» **The task**
The lines from the one holding "Figur 3, have" to the final line of the listing below are to be duplicated exactly, with both ends included and pictures omitted.

(Beginning of Provided data)

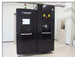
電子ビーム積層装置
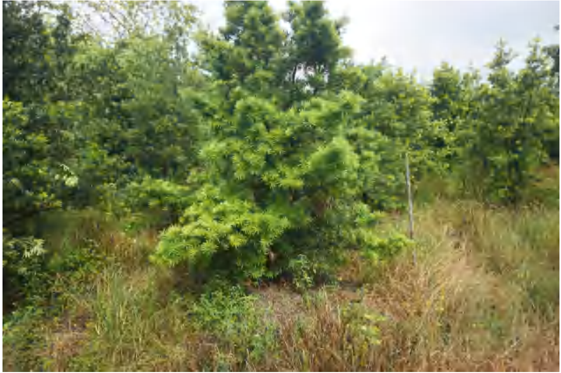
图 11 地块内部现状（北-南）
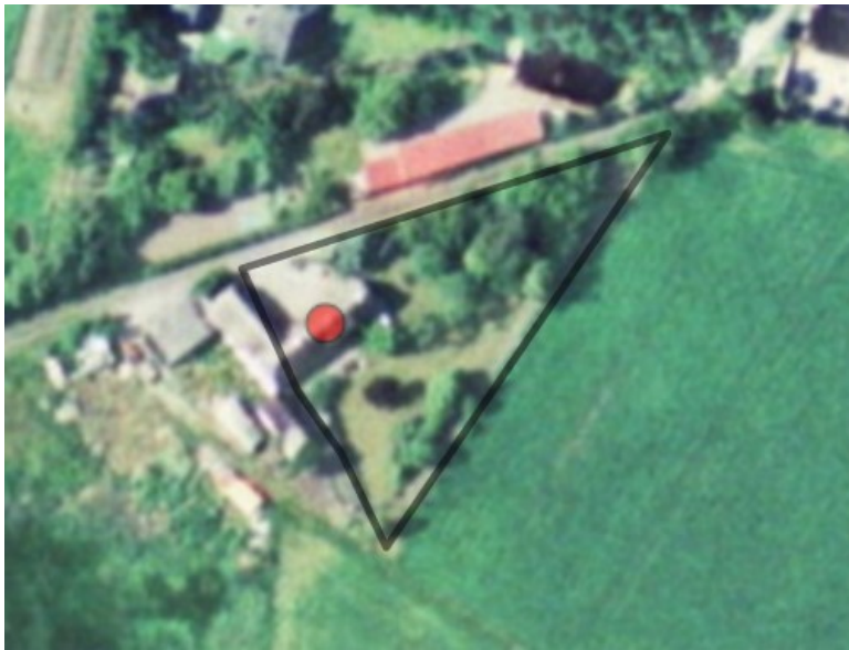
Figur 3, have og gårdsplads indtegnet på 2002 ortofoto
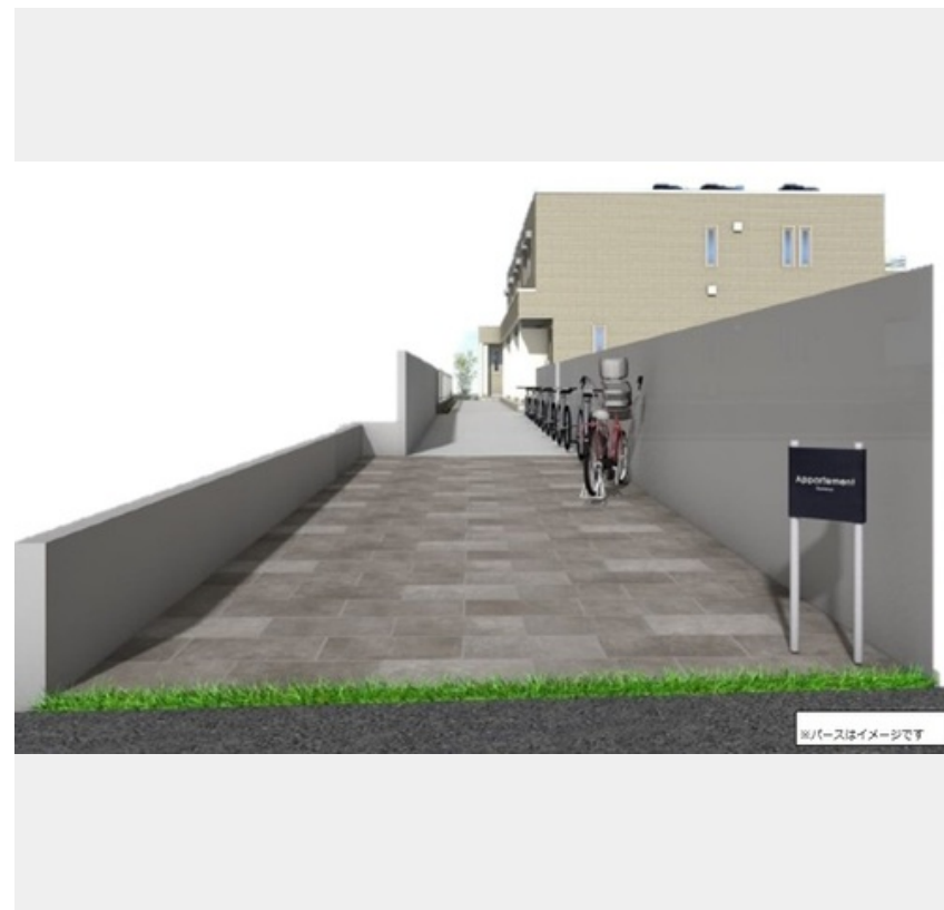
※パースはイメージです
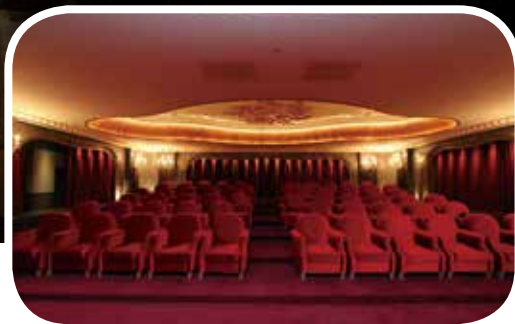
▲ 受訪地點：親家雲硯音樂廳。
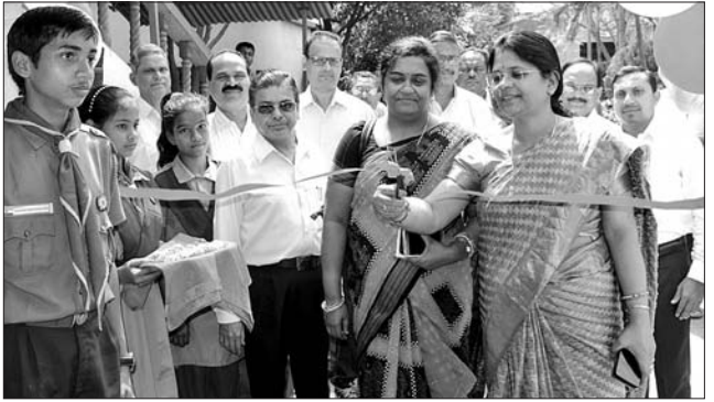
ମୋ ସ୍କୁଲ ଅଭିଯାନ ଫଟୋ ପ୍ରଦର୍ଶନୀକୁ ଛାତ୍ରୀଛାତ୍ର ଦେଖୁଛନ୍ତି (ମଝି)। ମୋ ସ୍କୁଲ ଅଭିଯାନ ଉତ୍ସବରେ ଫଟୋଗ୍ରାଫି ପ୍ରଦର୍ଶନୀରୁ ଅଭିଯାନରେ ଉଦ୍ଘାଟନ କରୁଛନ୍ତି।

(End of Provided data)

» **Worked solution**
Figur 3, have og gårdsplads indtegnet på 2002 ortofoto
※パースはイメージです
▲ 受訪地點：親家雲硯音樂廳。
ମୋ ସ୍କୁଲ ଅଭିଯାନ ଫଟୋ ପ୍ରଦର୍ଶନୀକୁ ଛାତ୍ରୀଛାତ୍ର ଦେଖୁଛନ୍ତି (ମଝି)। ମୋ ସ୍କୁଲ ଅଭିଯାନ ଉତ୍ସବରେ ଫଟୋଗ୍ରାଫି ପ୍ରଦର୍ଶନୀରୁ ଅଭିଯାନରେ ଉଦ୍ଘାଟନ କରୁଛନ୍ତି।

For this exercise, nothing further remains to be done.